Max too! Witnessed my first Doodle Dash today, round and round the garden, body at full stretch, ears splayed in the breeze, soppy grin, and these little legs that were a blur! Magic!


----------



## Jedicrazy (Apr 26, 2011)

Can only echo what everyone else has said. All very normal. When it starts, try to divert both mental and physical attention in to training instead. Get a load of treats and practice your Sit, Down, Stand, Stay, Wait, tricks, etc. and this will soon tire pup out.


----------



## Toffin (Aug 8, 2012)

Yes, Polly now does it as well - thank goodness! Absolutely mad for about half an hour twice yesterday and twice today. She savages lion (whom she loves really), pheasant and stripey, shakes other toys half to death and races round and round the lounge.

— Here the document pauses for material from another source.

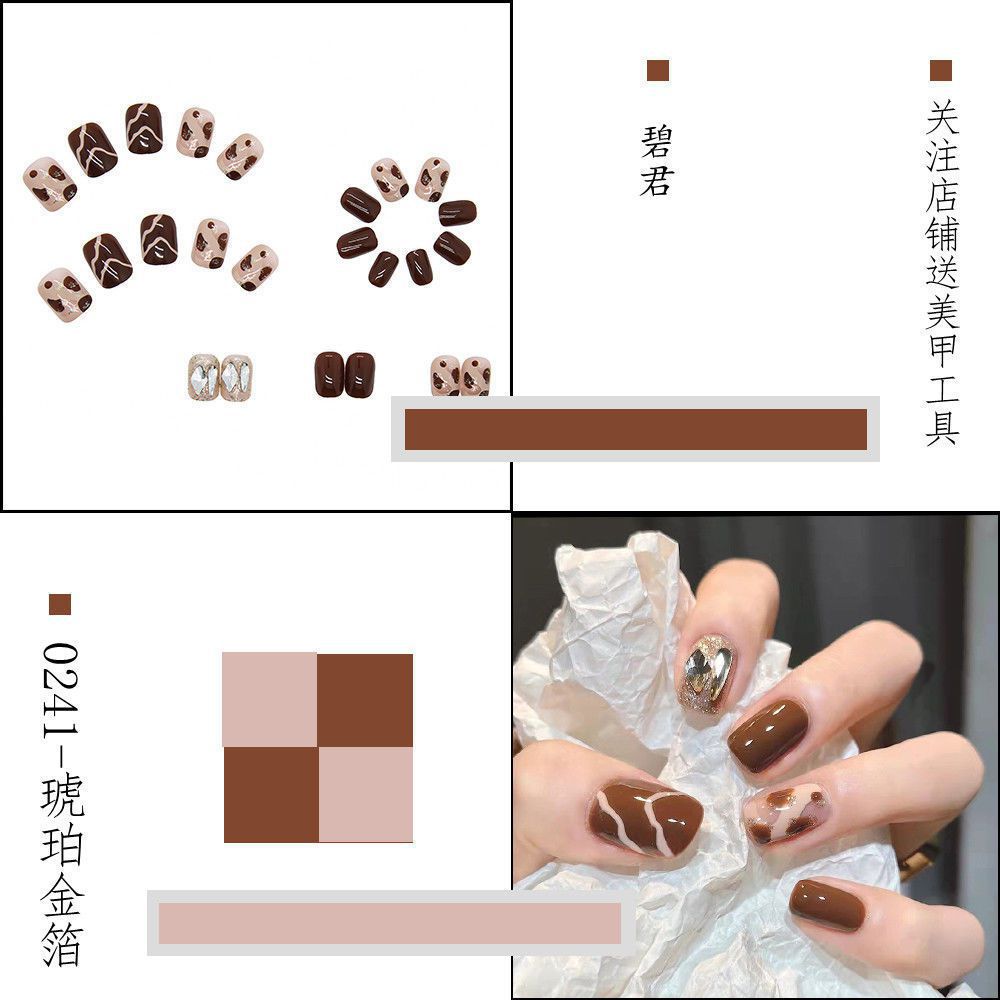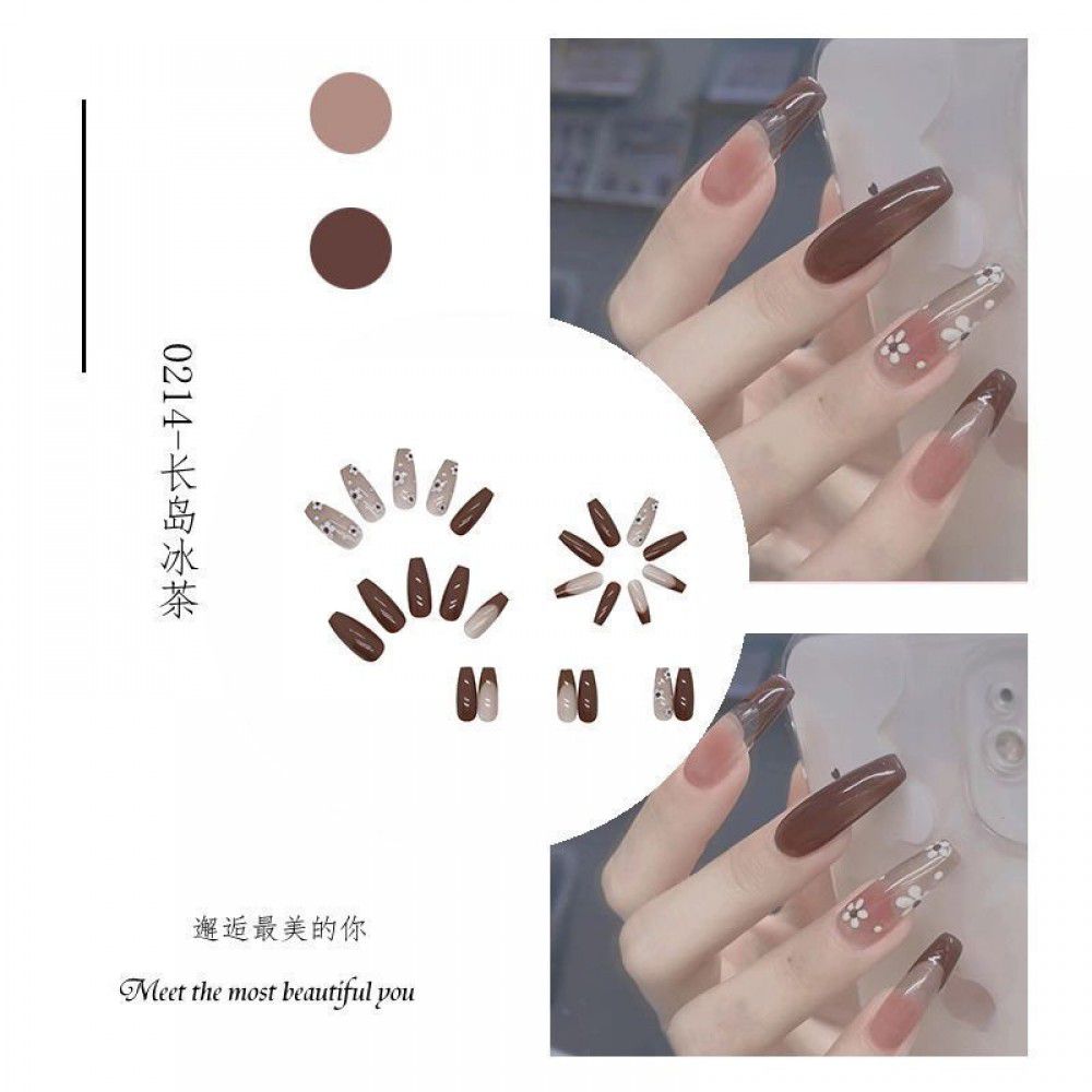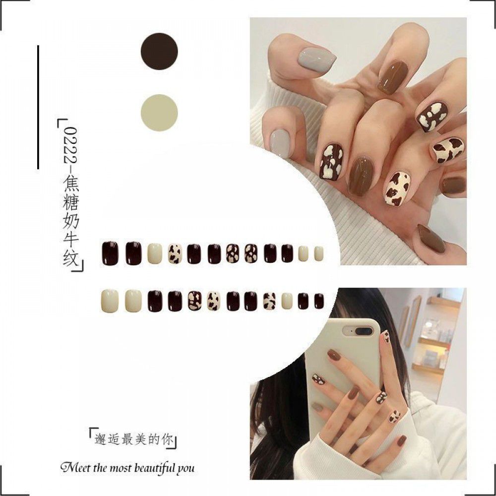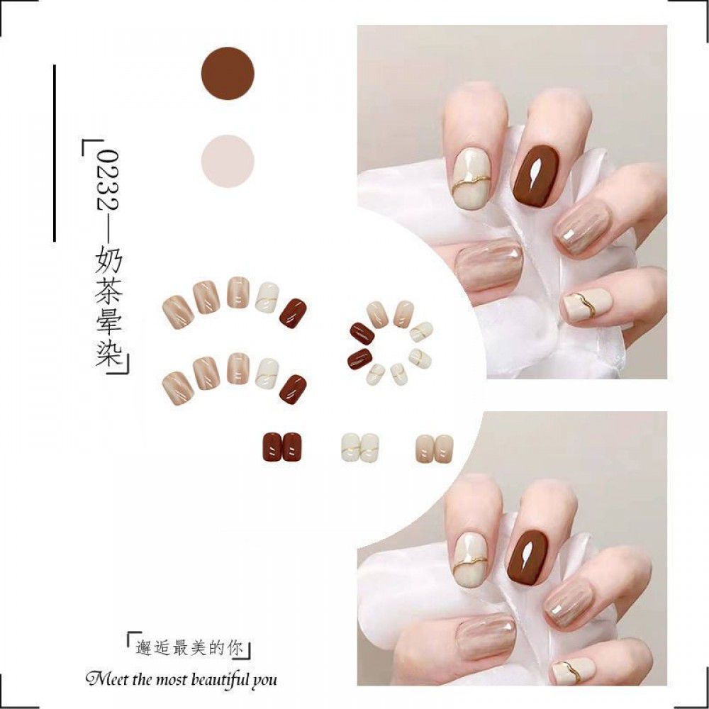 Package mail: Phnom Penh milk tea halo dye nail patch manual wearing nail female student medium long nail patch fake nail

She then suddenly climbs onto my legs and zonks out completely. It's the funniest thing we've seen ever!

We would let her do her dash around the garden but she's so tiny (must stop saying that as she'll develop an inferiority complex if we're not careful...) and it's so dark in the evenings that we're scared she'll find a hole and scramble through. She did find the narrowest tunnel between the washing machine and a cupboard today and I just spotted her tail disappearing in time for me to reach in and grab her bottom to pull her out backwards. We've now blocked the opening up. What a tinker!

Toffin
x


----------



## ali-s.j. (Jun 6, 2011)

My cocker spaniel is 12 - she still does it sometimes, always after a bath and at other times just because she still can! I don't know if Poodles do it, but it is a cocker trait for sure.


----------



## kimmie (Oct 10, 2012)

love the doodle dash.they should be celebrated for their madness lol


----------



## Kate.E.P (Aug 9, 2011)

Aw Dex doesn't really have "mad moments" - Probably because he play fights a lot with my beagle girl and she knackers the little guy right out. About 4-6 months he wasn't really in to "cuddles" as much which was disappointing but now in the evening all he does is follow me and sit next to me snuggled up with his head on my lap.  He also goes on the back of the sofa and lasy with his head on my shoulder next to mine - I would tell him off as he should be up there but my oh my it is so cute!!


----------